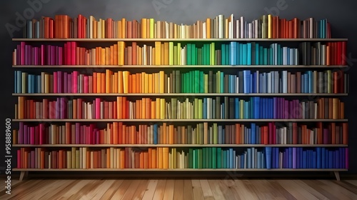 Fototapeta premium neatly organized bookshelf displaying books arranged in a rainbow color gradient, symbolizing creativity and knowledge. Ideal for education, interior decor, and library-themed visuals,
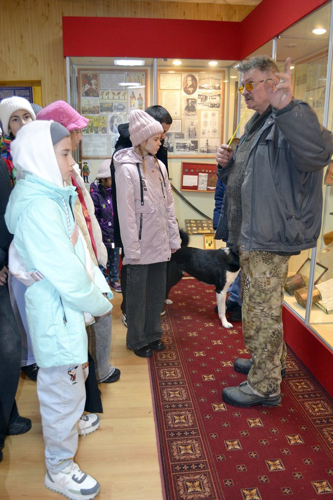Член Совета ветеранов ОМВД России «Рузский» майор милиции в отставке Михаил Пронин провел экскурсию в музее истории Рузской милиции для воспитанников Центра помощи семье и детям «Cозвездие».
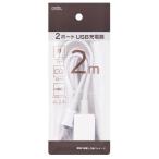 2ポートUSB充電器 2m ホワイト [品番]00-1659
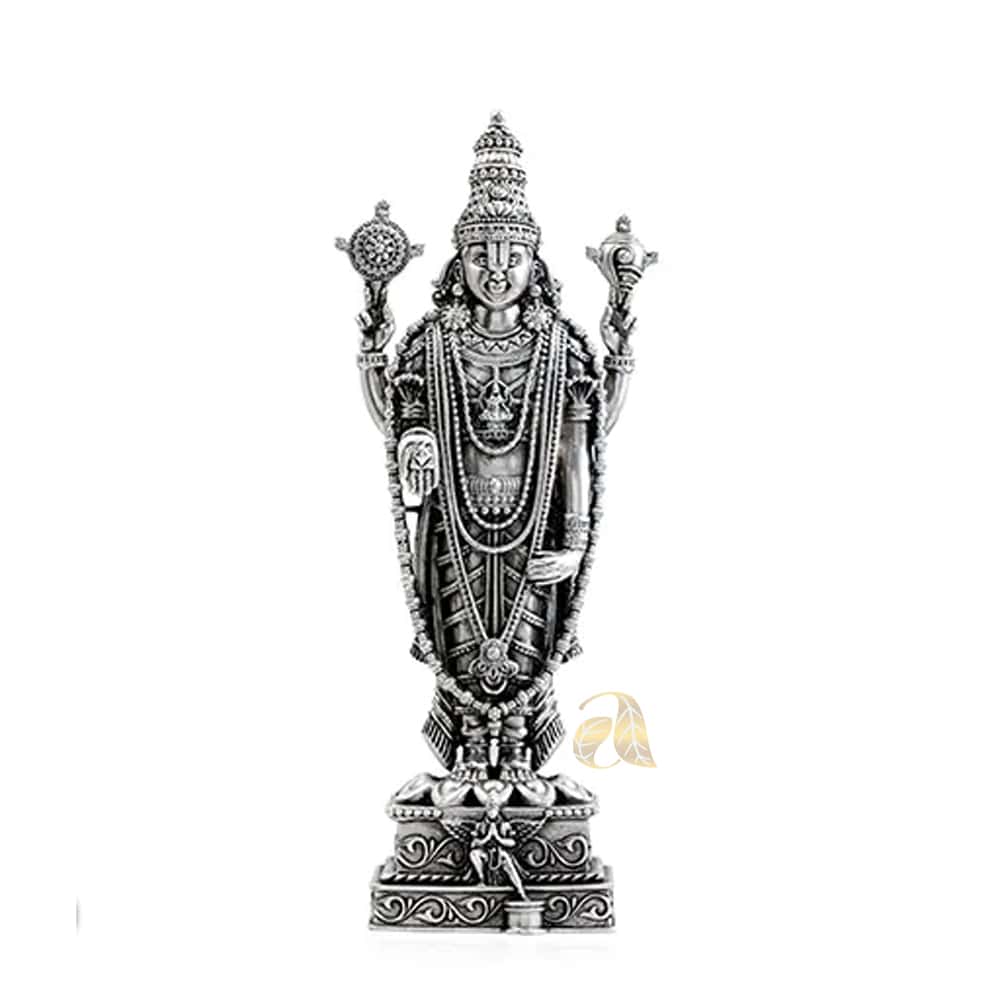 Inspired by Lord Venkateswara Idol are delicately fabricated in silver and Antique polished embellished the Heritage Hindu Puja Celebrations.
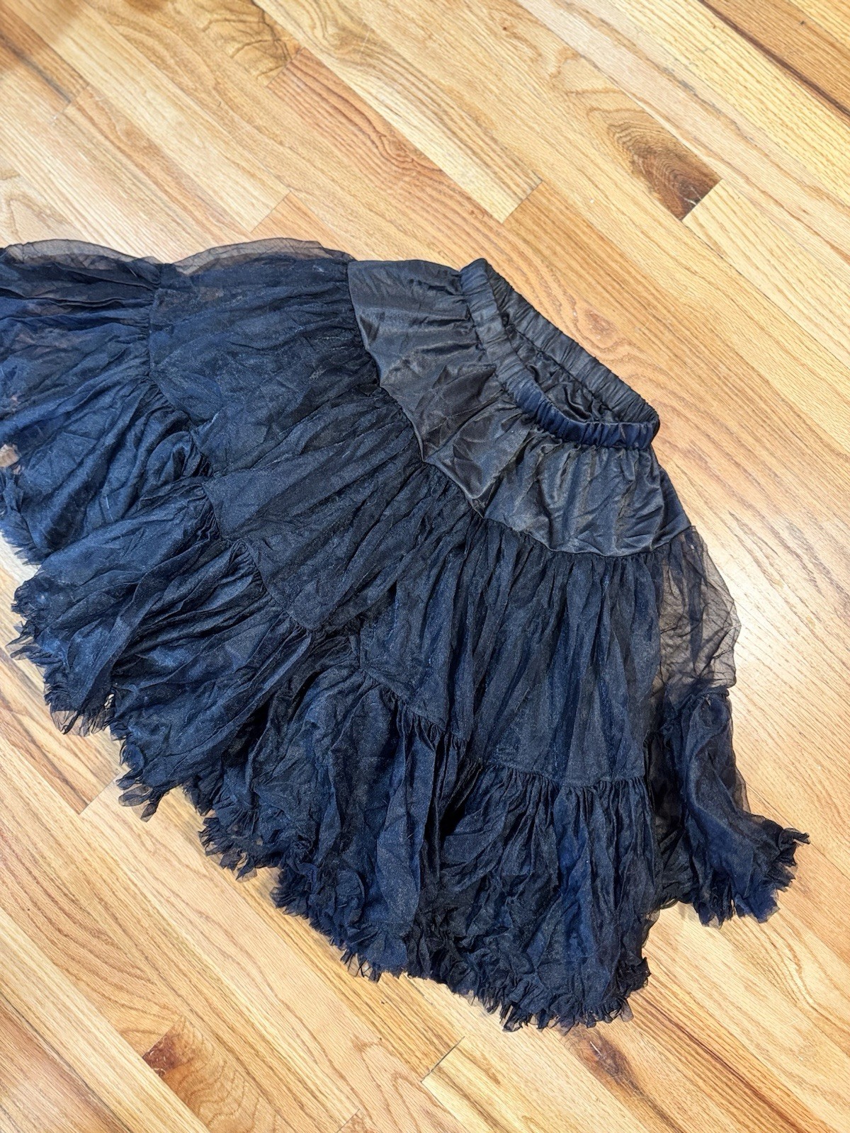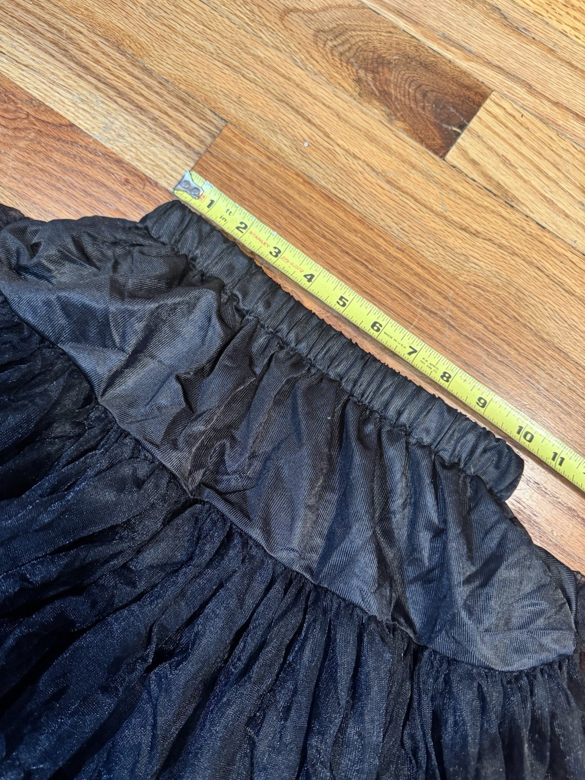 Black Tulle Petticoat Double Lined Ruffle Hem - Elastic Waist Stretch To 17

--- Requirement ---
Find the line holding "Inspired by Lord" in the data above. Retype it and every later line exactly, through the end, but not the pictures.

--- Expected output ---
 Inspired by Lord Venkateswara Idol are delicately fabricated in silver and Antique polished embellished the Heritage Hindu Puja Celebrations.
 Black Tulle Petticoat Double Lined Ruffle Hem - Elastic Waist Stretch To 17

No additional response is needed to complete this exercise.